Questions about the arguments to lr_find

wgpubs · May 10, 2018, 11:18pm

def lr_find(self, start_lr=1e-5, end_lr=10, wds=None, linear=False, **kwargs)

In reference to lr_find from source, I’m looking for some intuition on the following:

What kind of behavior (e.g., blank plots, etc…) would prompt us to modify start_lr and/or end_lr?
If we are changing start_lr and/or end_lr, what guidance is there in assigning them something appropriate?
What does linear do?
When would we want to set linear=True?
When would setting wds to something be valuable or necessary to getting a good result?

If there are notebooks and/or wiki entries that discuss the above please feel free to just point me in that direction. I’ve been looking through my notes and haven’t really found any satisfying answers to these questions.

jeremy · May 11, 2018, 12:03am

Move them closer together for finer learning rate finding (important for linear).

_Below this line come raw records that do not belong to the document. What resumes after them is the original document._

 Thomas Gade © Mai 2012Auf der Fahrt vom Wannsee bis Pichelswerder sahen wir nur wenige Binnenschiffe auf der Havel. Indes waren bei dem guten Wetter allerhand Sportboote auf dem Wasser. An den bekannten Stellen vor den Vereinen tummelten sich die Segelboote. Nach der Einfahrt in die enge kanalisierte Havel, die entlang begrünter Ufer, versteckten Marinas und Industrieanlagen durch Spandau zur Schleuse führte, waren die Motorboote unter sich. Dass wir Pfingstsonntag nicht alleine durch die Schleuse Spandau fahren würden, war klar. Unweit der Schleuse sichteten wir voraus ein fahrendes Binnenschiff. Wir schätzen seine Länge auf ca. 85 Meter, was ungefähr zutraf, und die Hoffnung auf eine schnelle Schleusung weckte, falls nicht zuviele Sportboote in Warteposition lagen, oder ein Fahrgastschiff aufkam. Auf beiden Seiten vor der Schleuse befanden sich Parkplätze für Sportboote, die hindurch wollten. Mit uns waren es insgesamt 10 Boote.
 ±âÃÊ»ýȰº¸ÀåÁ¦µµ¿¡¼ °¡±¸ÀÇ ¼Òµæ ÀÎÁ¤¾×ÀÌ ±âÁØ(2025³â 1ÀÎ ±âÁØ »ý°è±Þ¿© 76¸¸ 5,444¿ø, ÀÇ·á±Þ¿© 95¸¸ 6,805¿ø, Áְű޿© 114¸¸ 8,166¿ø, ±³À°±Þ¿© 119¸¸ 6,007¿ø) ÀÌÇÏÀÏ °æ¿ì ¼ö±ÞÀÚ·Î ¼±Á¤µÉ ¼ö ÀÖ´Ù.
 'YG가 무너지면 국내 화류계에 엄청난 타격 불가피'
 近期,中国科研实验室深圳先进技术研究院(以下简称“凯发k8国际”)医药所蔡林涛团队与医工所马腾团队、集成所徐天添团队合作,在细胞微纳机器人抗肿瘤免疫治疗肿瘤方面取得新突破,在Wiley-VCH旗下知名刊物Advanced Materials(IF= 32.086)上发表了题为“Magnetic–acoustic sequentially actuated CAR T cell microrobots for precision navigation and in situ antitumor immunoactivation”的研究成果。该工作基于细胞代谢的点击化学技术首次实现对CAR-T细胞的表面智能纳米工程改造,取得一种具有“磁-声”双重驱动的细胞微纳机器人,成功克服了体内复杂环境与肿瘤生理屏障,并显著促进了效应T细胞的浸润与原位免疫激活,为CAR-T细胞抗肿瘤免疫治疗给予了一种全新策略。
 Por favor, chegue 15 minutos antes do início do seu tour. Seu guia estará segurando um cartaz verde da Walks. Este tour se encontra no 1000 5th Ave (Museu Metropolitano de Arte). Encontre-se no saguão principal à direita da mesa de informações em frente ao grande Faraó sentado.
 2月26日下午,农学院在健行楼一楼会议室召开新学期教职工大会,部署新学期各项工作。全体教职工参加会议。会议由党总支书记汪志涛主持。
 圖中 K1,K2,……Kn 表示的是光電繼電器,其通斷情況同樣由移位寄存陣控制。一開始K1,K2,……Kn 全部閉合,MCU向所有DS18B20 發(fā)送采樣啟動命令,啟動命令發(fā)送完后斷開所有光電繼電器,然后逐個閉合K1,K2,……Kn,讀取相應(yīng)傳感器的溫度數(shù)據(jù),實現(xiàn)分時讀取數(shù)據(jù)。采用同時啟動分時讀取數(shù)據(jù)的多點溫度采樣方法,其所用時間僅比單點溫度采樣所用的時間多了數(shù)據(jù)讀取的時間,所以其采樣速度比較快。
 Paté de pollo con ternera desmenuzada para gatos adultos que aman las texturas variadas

Further away if you want to try more extreme LRs
Look at past papers, or just experiment
Adds a fixed LR per batch, rather than multiplying by a fixed ratio (try plot_lr to see what I mean)
To find the exact point where the loss gets worse, if you’re trying to really optimize your LR
Probably always a good idea to set weight decay to whatever you’ll fit with. It’ll impact the LR finder curve

wgpubs · May 11, 2018, 2:55am

Any specific papers in particular?

And thanks!

jeremy · May 11, 2018, 2:15pm

Any past papers that have looked at datasets and/or architectures similar to what you’re looking at. They’ll let you know what LR they used. Although it’s not at all common that you need to go outside the default LRs in the finder.